The long-lived Mars rover Opportunity has spotted bright veins of a water-deposited mineral, apparently gypsum, on the surface of the planet. The vein is informally named 'Homestake,' and it and other similar-looking deposits are located in a zone where sulfate-rich bedrock meets volcanic bedrock, at the rim of the Endeavour Crater. Homestake is roughly 0.4 to 0.8 inches wide, 16 to 20 inches long, and protrudes slightly above the surrounding bedrock.
Researchers used three of Opportunity's instruments - the Micrcosopic Imager, the Alpha Particle X-Ray Spectrometer and the Panoramic Camera's filters - to identify calcium and sulfur in a ratio that indicates "relatively pure" calcium sulfate, specifically hydrated calcium sulfate, or gypsum.
The Homestake vein likely formed as calcium, dissolved by water out of volcanic rocks, combined with sulfur and was deposited as calcium sulfate in an underground fracture, which was then exposed at the surface of Mars.
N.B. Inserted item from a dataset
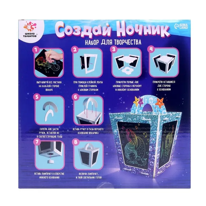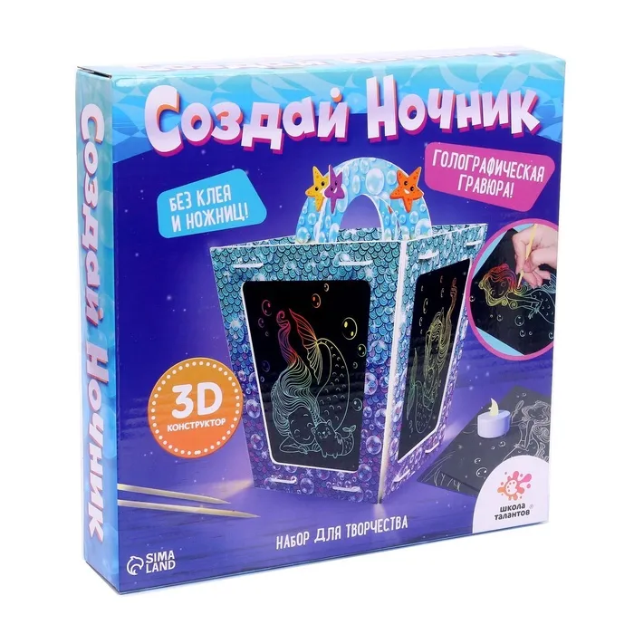 Ночник своими руками «Создай ночник с гравюрой. Русалочка», 3Д конструктор, голографическая гравюра, набор для творчества — Характеристики

Steve Squyres, principal investigator for Opportunity, said in a statement: "This tells a slam-dunk story that water flowed through underground fractures in the rock. This stuff is a fairly pure chemical deposit that formed in place right where we see it. That can't be said for other gypsum seen on Mars or for other water-related minerals Opportunity has found. It's not uncommon on Earth, but on Mars, it's the kind of thing that makes geologists jump out of their chairs."
Opportunity has found other evidence of water on Mars in the form of magnesium, iron and calcium sulfate in the bedrock, but that same evidence has also indicated a highly acidic environment. This new deposit indicates more neutral conditions, which could have hosted a greater variety of organisms.